* Record excerpts *
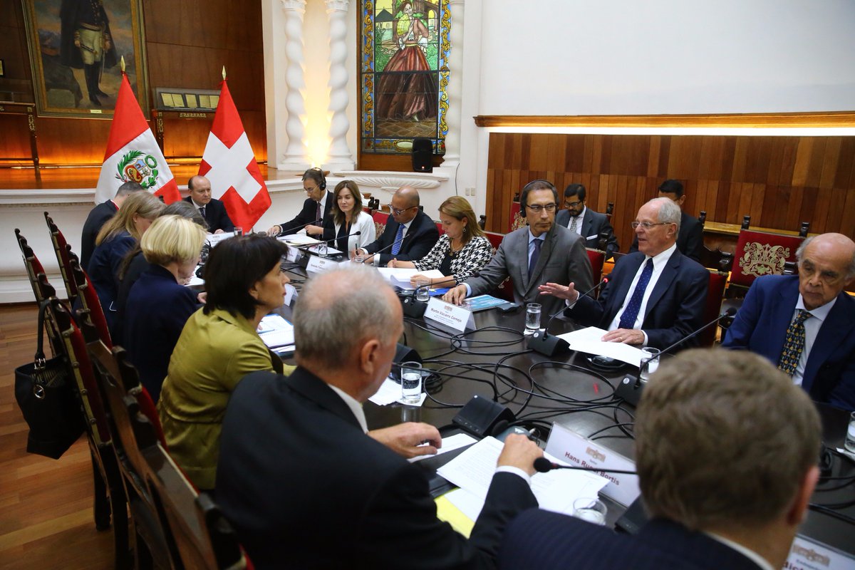 #Hoy | Mandatario @ppkamigo sostuvo una reunión bilateral junto a la Presidenta de Suiza, Doris Leuthard y sus respectivas delegacionespic.twitter.com/j89vg1WSKN
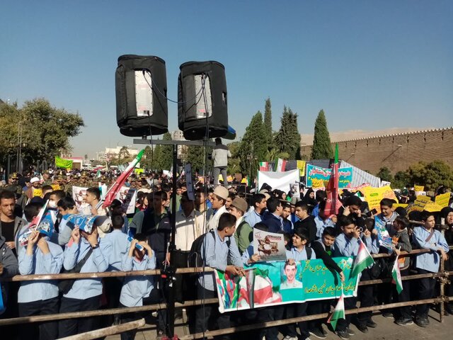 اقتصاد ایران: ایسنا/فارس آیین بزرگداشت روز ملی مبارزه با استکبار جهانی و روز دانشآموز امروز سهشنبه، ۱۳ آبان با حضور گسترده اقشار مختلف مردم در شهر شیراز آغاز شد. در این مراسم مسئولان و دانشآموزان بر زنده بودن نهضت و روحیه مقاومت ملت ایران در مقابل دشمنان تأکید کردند و این روز را سند زنده ایستادگی این ملت دانستند.
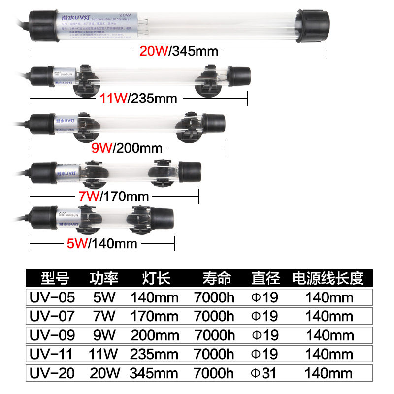森森鱼缸UV杀菌灯紫外线鱼池净水潜水灭菌灯水族箱消毒鱼缸杀菌灯
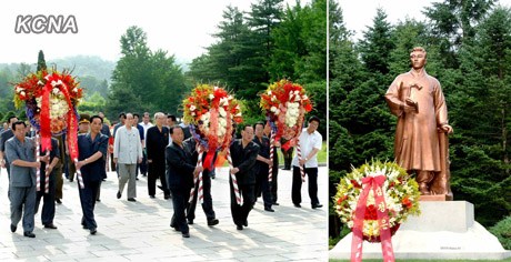 金正恩送來的花圈,擺放在金亨稷銅像和墳墓前。朝鮮勞動黨中央委員會政治局常委金永南、崔永林、崔龍海,以及朝鮮各級領導干部、人民軍官兵、群眾和青年學生參加敬獻花圈儀式。
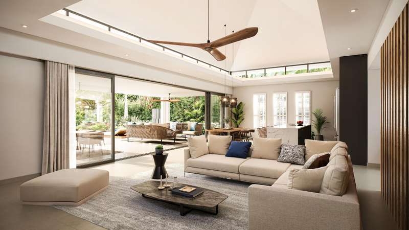 Nestled within lush tropical landscaping, the Lagoon Villas embody a refined interpretation of contemporary island living, blending timeless elegance, privacy, and a deep connection to nature. These stylish residences feature a modern tropical design that gracefully combines clean architectural lines with natural materials, offering a serene and elevated lifestyle. Each villa opens onto a private landscaped garden with a stunning infinity pool and a large outdoor terrace, ideal for entertaining or simply unwinding in the balmy island climate. Inside, spacious living areas are flooded with natural light thanks to floor-to-ceiling openings that create a seamless transition between indoor and outdoor spaces. The open-plan layout includes a welcoming lounge, dining area, and a sleek modern kitchen designed for comfort and conviviality. Each villa offers: A luxurious master suite with en-suite bathroom, walk-in closet, and direct access to the terrace Two or three additional bedrooms with private or shared modern bathrooms An optional office or TV lounge depending on the configuration A fully equipped contemporary kitchen Laundry and storage areas The interiors are finished in soft, neutral tones, with polished concrete-effect floors, natural timber accents, and minimalist stone features. This sophisticated aesthetic reflects the essence of tropical living—simple, natural, and elegant. As part of the secure and vibrant Mont Choisy La Réserve community, Lagoon Villa residents enjoy access to an extensive range of world-class amenities: An 18-hole championship golf course A leisure and wellness centre with gym, yoga, sauna, tennis and paddle courts, and solar-heated pool A 50-hectare nature reserve with walking trails, native wildlife, and an organic farm Gourmet dining at the renowned La Potinière Club House restaurant Direct access to Mon Choisy Beach A vibrant smart city offering medical facilities, shops, international schools, and business infrastructure These villas are available to foreign buyers and qualify for Mauritian residency under the Smart City Scheme. Whether for permanent living, a holiday home, or a high-value investment, the Lagoon Villas offer a unique opportunity to enjoy a peaceful, luxurious lifestyle in one of Mauritius’ most sought-after coastal locations.
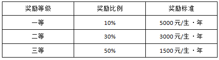研一新生学业奖学金按照“一志愿优先”的原则,根据新生入学当年初试与复试综合成绩排序,按从高到低顺序确定获奖等级;研二研三研究生学业奖学金按上一学年学业成绩及综合表现评选,综合“学习成绩”“学术成果”和“实践活动”等考核项目加权确定获奖等级。
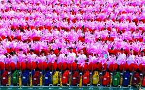 今年國(guó)慶廣場(chǎng)背景翻花表演中,有近900名學(xué)生來(lái)自北京四中。在這些演出主力軍中,還穿插著23名替補(bǔ)隊(duì)員。他們將為信號(hào)盲區(qū)傳遞信號(hào),同時(shí)頂替臨時(shí)缺席的學(xué)生。據(jù)了解,每個(gè)替補(bǔ)隊(duì)員要負(fù)責(zé)所轄區(qū)域內(nèi)的100人的情況。事實(shí)上,這些被稱作替補(bǔ)隊(duì)員的學(xué)生必須熟悉轄區(qū)內(nèi)每個(gè)隊(duì)員的翻花動(dòng)作,承擔(dān)著“精英隊(duì)員”的任務(wù)。
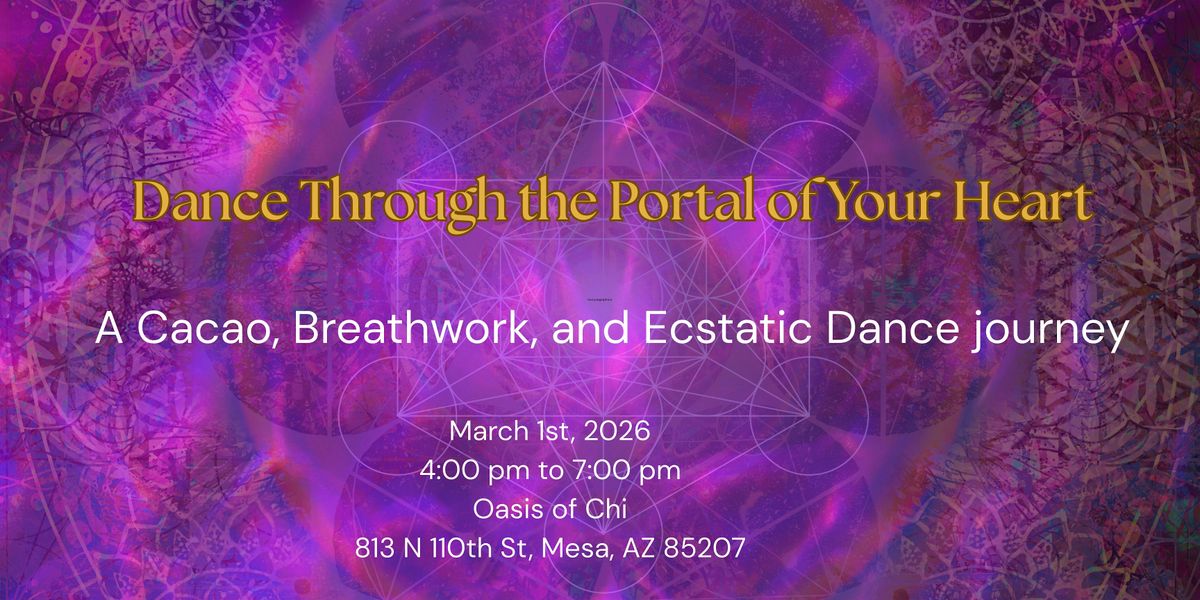 Dance through the portal of your heart and into the deeper truth of your soul. Guided by sacred cacao, breathwork, and the wild freedom of ecstatic dance, we will dive deep within to access the bliss and ecstasy that's already available to us when we finally stop, breathe, and listen. All while nestled in the magical Oasis of Chi in Mesa, AZ.
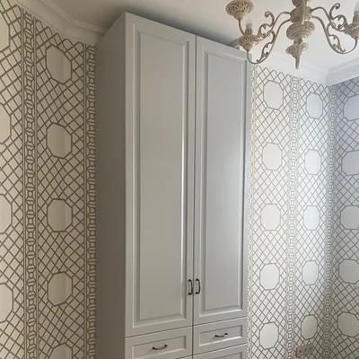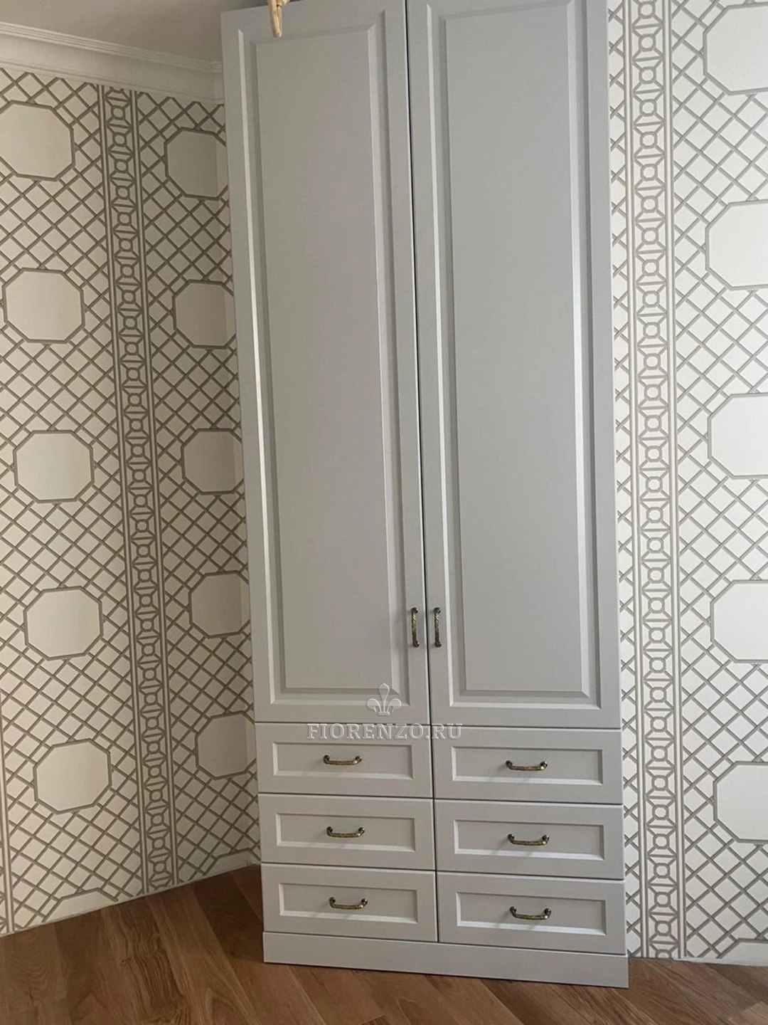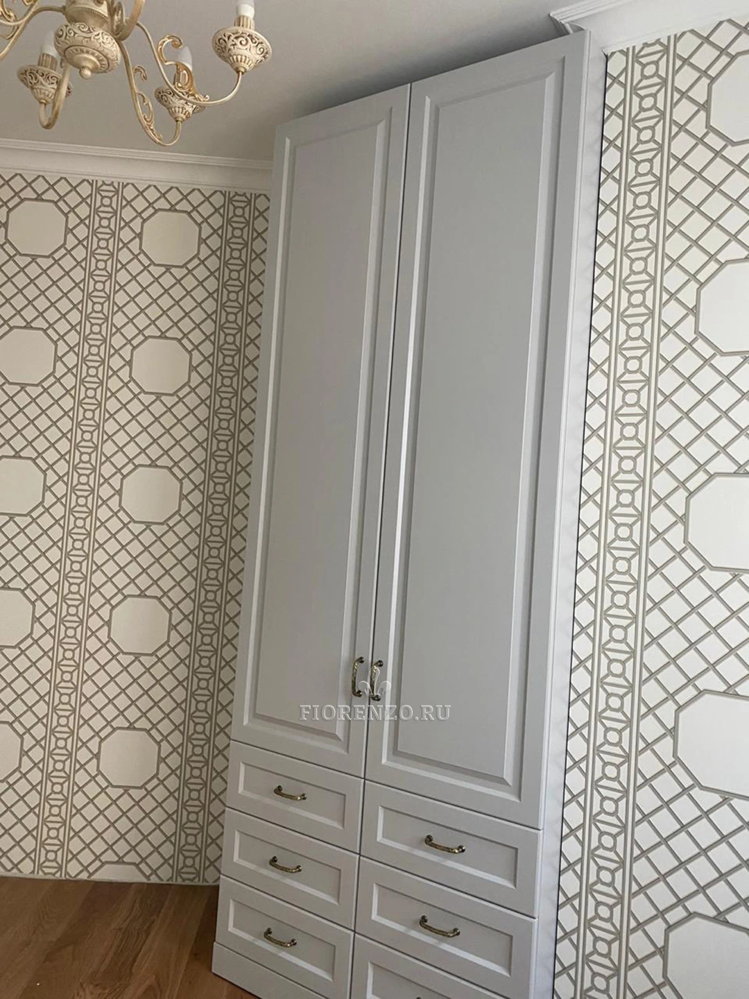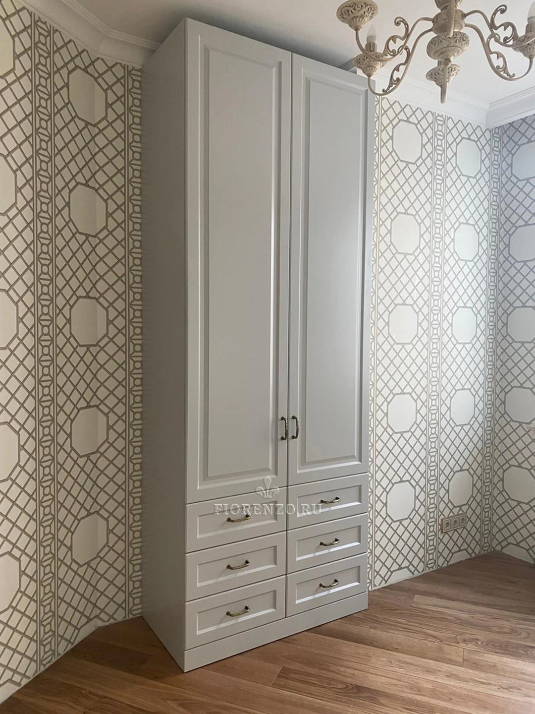 Мебельная мастерская FIORENZO изготавливает качественную, красивую, современную мебель. Шкаф «Эллон» в стиле неоклассик в спальню подойдет для хранения домашнего текстиля, одежды, он идет с полками, штангой для вещей, набором выдвижных ящиков. Универсальная стилистика исполнения делает модель уместной в любых помещениях. Размеры компактные, вместительность достигается за счет высоты – модель идет в потолок. На верхних полках удобно хранить вещи, которыми вы пользуетесь редко.
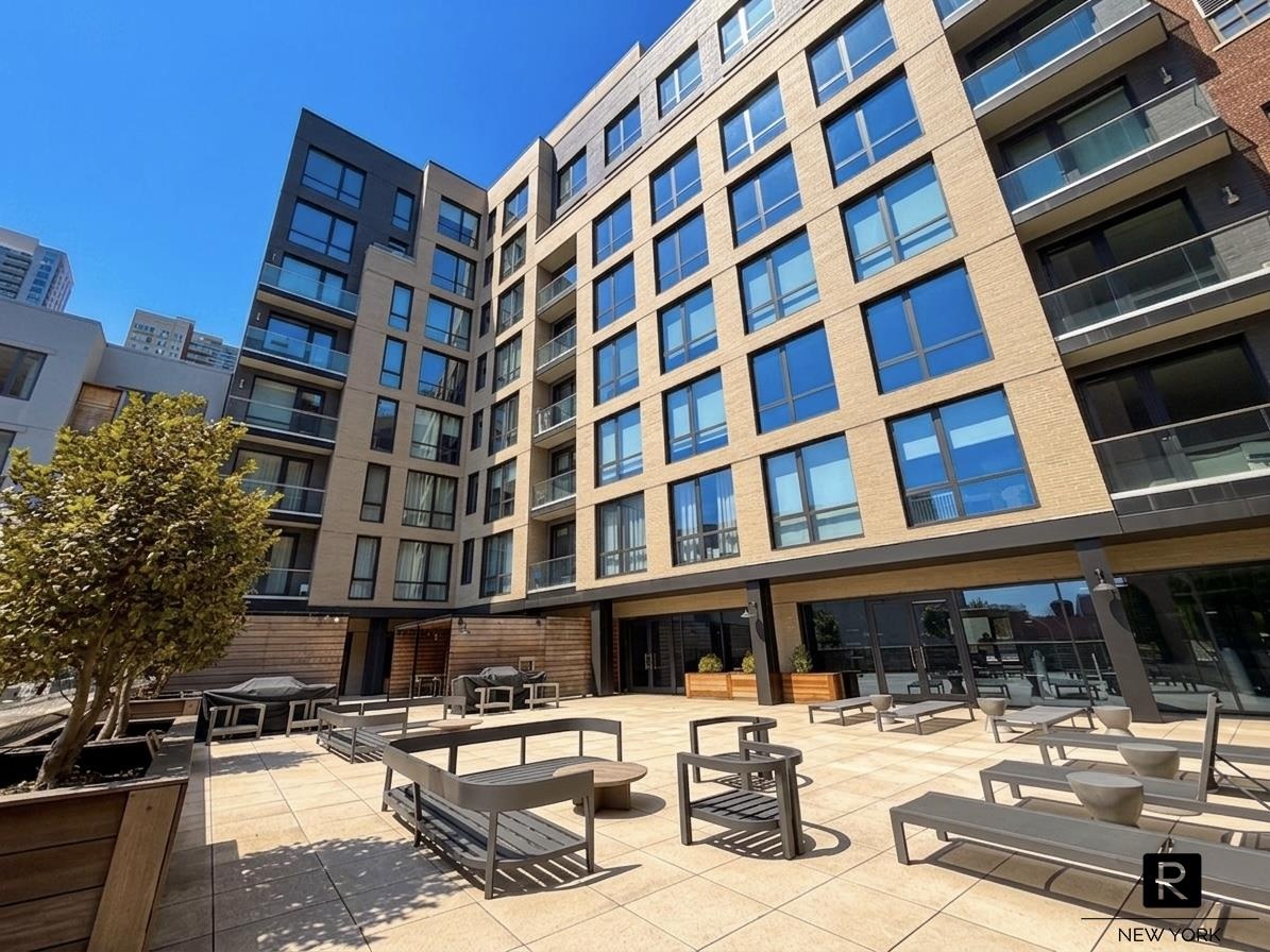 Residents enjoy a boutique condominium lifestyle complemented by an exceptional suite of amenities, including a stunning rooftop terrace with sweeping views of the Lower Manhattan and Downtown Brooklyn skylines, as well as Queens Boulevard. The building also offers an elegantly appointed resident lounge with a TV, pool table, and catering kitchen; a business center with a glass-enclosed conference room; and a state-of-the-art fitness center featuring Precor equipment, free weights, and dedicated training areas.
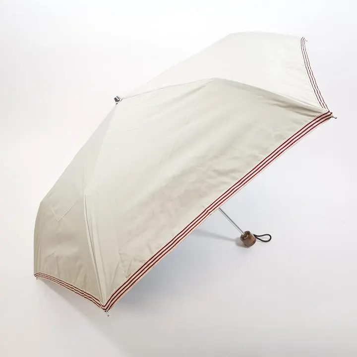 UVカット&完全遮光 遮熱 無地裾レトロマリンボーダー 晴雨兼用3段折りたたみ傘 27562 オフホワイト
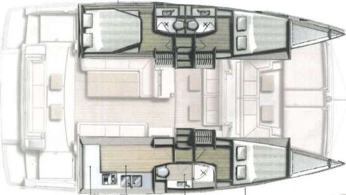 | Outside | Anker mit Kette, Biminitop, Cockpitdusche, Cockpitpolster, Cockpittisch, Davits, Grill, Solaranlage, Unterwasserbeleuchtung, Windex, Winschen |
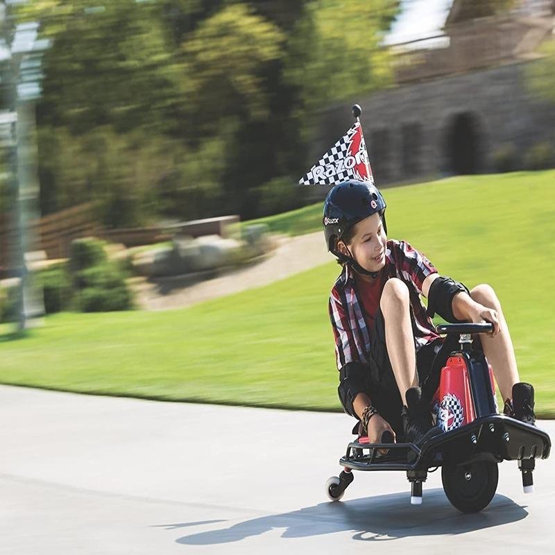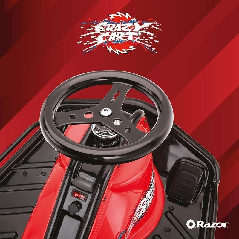 The RAZOR Crazy Cart Jr. 2.0 19KM/HR – 25173860 is the ultimate electric drifting machine tailored for young adrenaline seekers who crave speed, style, and excitement. Designed specifically for riders aged 6 years and up, this compact yet powerful version of the original Crazy Cart delivers thrilling performance with improved features that enhance both safety and fun. Equipped with a powerful 100-watt, chain-driven motor, the Crazy Cart Jr. 2.0 can reach speeds of up to 19 km/h, giving kids a fast-paced ride that’s both exhilarating and manageable. Its innovative patented drift system allows for full control of drifts, spins, and turns, letting young riders master their technique in a safe, seated position. The rear drift bar enables dynamic riding while still offering stability and safety, and the foot-operated brake ensures immediate stopping power when needed. The Crazy Cart Jr. is built with a durable, high-impact polymer frame and features a bucket-style seat for added comfort and control during wild rides. With a 12V rechargeable battery that provides up to 40 minutes of continuous use, children can enjoy extended playtime without interruption. The simplified controls include a variable-speed foot pedal accelerator and responsive steering system for intuitive riding, while the low center of gravity design enhances balance and handling. Its compact footprint and stylish red and black color scheme make it a standout toy in any garage, driveway, or backyard. Whether it’s for racing, spinning, or just drifting around, the RAZOR Crazy Cart Jr. 2.0 is the perfect introduction to high-energy electric fun for young thrill lovers.
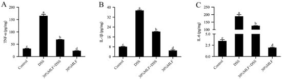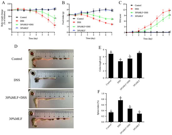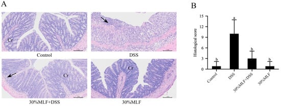 2.8. Treatment with 30%MLF Alleviated the Symptoms of DSS-Induced UC in Mice
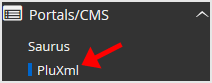 . On the left side of your screen you should locate the "Portal/CMS" category. Click on it and then. "PluXml" link that will appear.
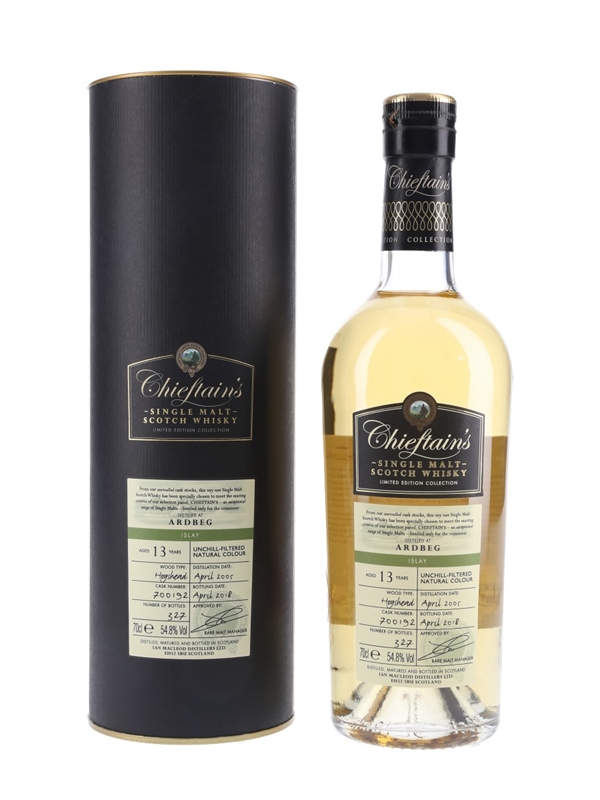 A bottle of Ardbeg 13 Year Old Single Malt Scotch Whisky. This was distilled in April 2005, matured in a single hogshead and bottled in April 2018 by Ian Macleod for the Chieftain's Choice series.

* Aim of the task *
Exact repeat of the material above: every line from the one with "森森鱼缸UV杀菌灯紫外线鱼池净水潜水灭菌灯水族箱消毒鱼缸杀菌灯" through the one with "金正恩送來的花圈,擺放在金亨", endpoints included, and nothing more. No pictures.

* Written response *
森森鱼缸UV杀菌灯紫外线鱼池净水潜水灭菌灯水族箱消毒鱼缸杀菌灯
 金正恩送來的花圈,擺放在金亨稷銅像和墳墓前。朝鮮勞動黨中央委員會政治局常委金永南、崔永林、崔龍海,以及朝鮮各級領導干部、人民軍官兵、群眾和青年學生參加敬獻花圈儀式。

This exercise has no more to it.